Hacker News new | ask | show | jobs
by Refefer 4514 days ago
An important realization I made a while back was that design methodologies do little to address program correctness, which is almost always the wildcard on deliverables; buggy software means missed deadlines and budget. Some, such as TDD, work to address the rapid building of tools to a particular spec, but often fail to promote static guarantees, especially in languages and environments where such provability is largely impossible. Dynamic languages penchant for monkey (guerrilla) patching further exacerbates the problem.

Solutions to this are tough. My first suggestion would be to use languages which facilitate correctness, although it's usually at the expense of developer availability: the pool of engineers with experience and know-how in true FP is orders of magnitude smaller than more pervasive languages. My second thought is to further embrace math as the building block for non-trivial applications: mathematical proofs have real, quantifiable value in correctness. I find it no surprise that the larger companies have made foundational maths, such as category theory and abstract algebra, the underlying abstraction for their general frameworks. This is even a tougher pitch than the first since most engineers don't recognize what they're doing as math at all - a big part of the problem. So many of us are doing by feel what has already been formally codified in other disciplines.

I'm aware that both require more (not necessarily formal) education than most engineers have pursued and makes it a difficult short-term pitch point for any company, but I think if we're serious about eliminating sources non-determinism from projects, it's important we address them directly.

2 comments

I think that's one aspect of the problem, but the migration from make-do to mathematically rigorous code can be equally fraught with peril.
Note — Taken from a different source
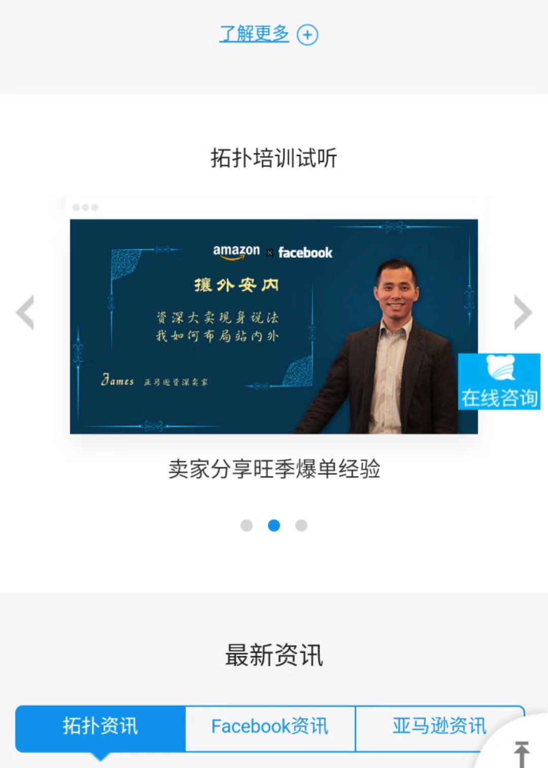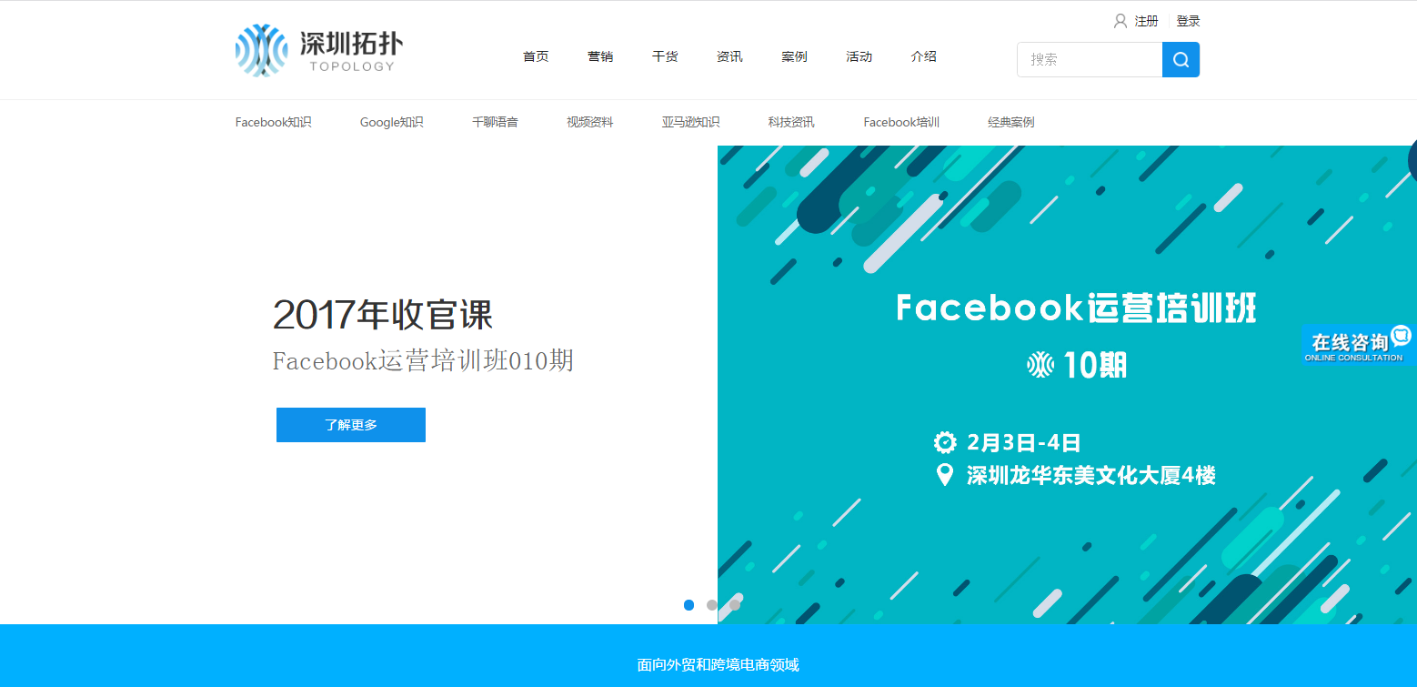 深圳拓撲官網(wǎng)的內(nèi)容結(jié)構(gòu)已經(jīng)上線,用戶可以在官網(wǎng)上獲取大量關于Facebook營銷的干貨、資訊、活動信息以及亞馬遜相關主題內(nèi)容等。

While the code itself can be made predictable, and easy to reason around, the time estimates and project planning often cannot. There is never enough time to factor out all of the commonality, remove all of the unnecessary use of state, codify all the assumptions into data types, etc., so you have to pick your battles.

A programmer needs intuition of what the biggest, most effective improvements are on the code base, which allow them to get the most work done. They also need some ability to guess how much time it will take, so that they don't miss deadlines. No amount of static type analysis will fix that.
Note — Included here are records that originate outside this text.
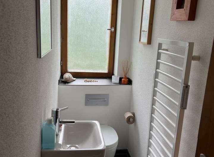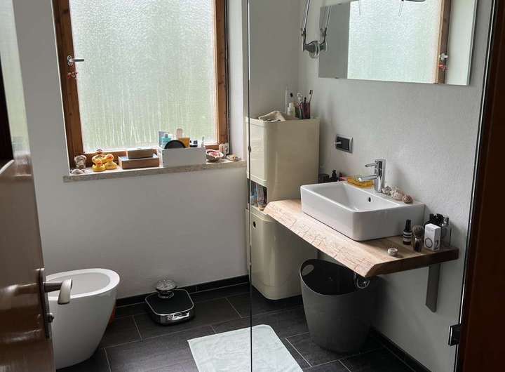 Beide Wohnungen verfügen über je zwei getrennte Bäder/WCs, im 1.OG wurden diese im Zuge der Modernisierung umgestaltet und mit einer ebenerdigen Dusche sowie hochwertigen Fliesen und Badobjekten ausgestattet.
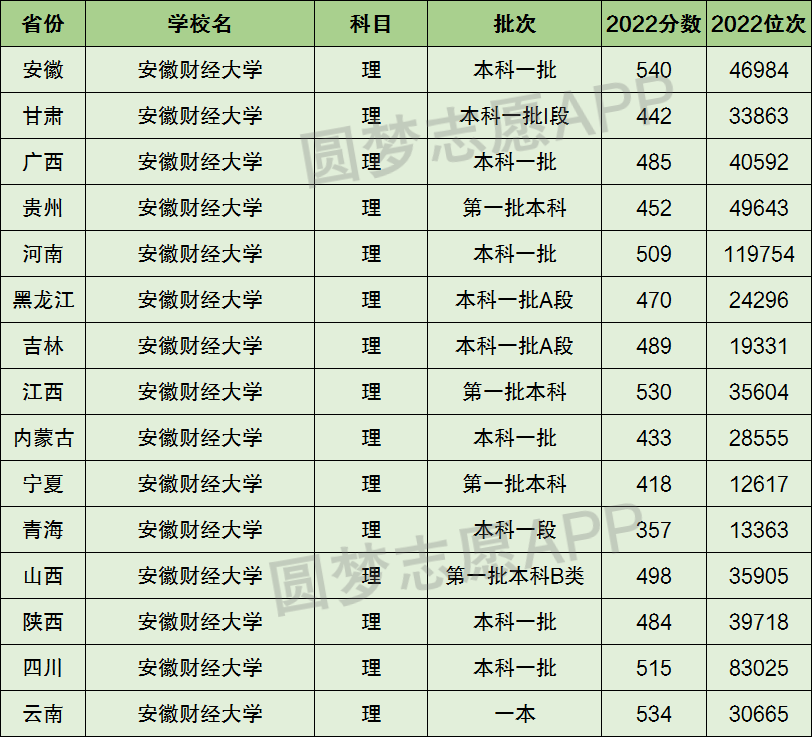 2、安徽财经大学在全国普通高考省份的【理科】招录数据,包含招生批次等信息: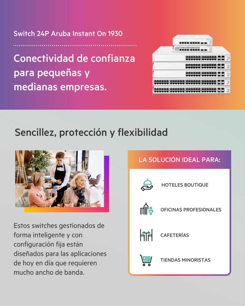 Los switches Aruba Instant On 1930 ofrecen el equilibrio perfecto entre rendimiento y facilidad de uso. Están diseñados para garantizar una conectividad estable y segura, incluso en entornos con alta demanda de ancho de banda.

Ah, but that's a matter of design - except now we have strong constructs from which to consider our problem. We will never get away from developing the architecture of our system, which is cost dependent on how well understood the domain is. Ideally, that's where we should aim to move: problem specifications that render implementations rote. A lofty goal, I know, but within closer reach every day and possible in many environments already.
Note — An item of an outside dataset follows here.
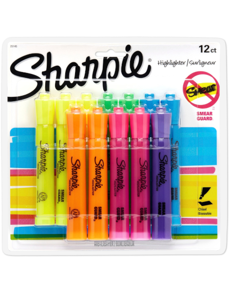 Se trata de un marcador de tinta permanente, con punta fina y colores surtidos. Su barril y tapa son de plástico, y su tinta es resistente al agua y a la luz. Tiene un diseño ergonómico y una tapa con clip.

Part of the beauty of proof is that so long as it is correct, the individual lemmas are largely irrelevant: we don't necessarily need to remove commonality or statefulness. Of course, I'm purposefully glossing over extra-functional requirements on which, outside of big-O, we don't have a firm grasp.

I'm attempting to stay away from "effective" or "most work done" since they're ill defined and highly subjective but rather focus on measurable changes. I'd argue that, amortized, the upfront costs of better understanding the problem definition results in cost savings down the line, especially as it recedes into maintenance.

The dark side proof is that most mathematical problems are incredibly contrived. Taking a business requirement and translating it into known mathematical problems is harder than it sounds. Once you can do that, you're 90% of the way there, and people who can do that reliably are regarded as geniuses.

But most of the time, development is done without full understanding of the problem space. Usually, the problem doesn't become fully understood until you've already spent a good amount of time coding up your solution. If you wait until you fully understand the problem before starting, then you'll never start, because your brain simply can't comprehend the entire scope.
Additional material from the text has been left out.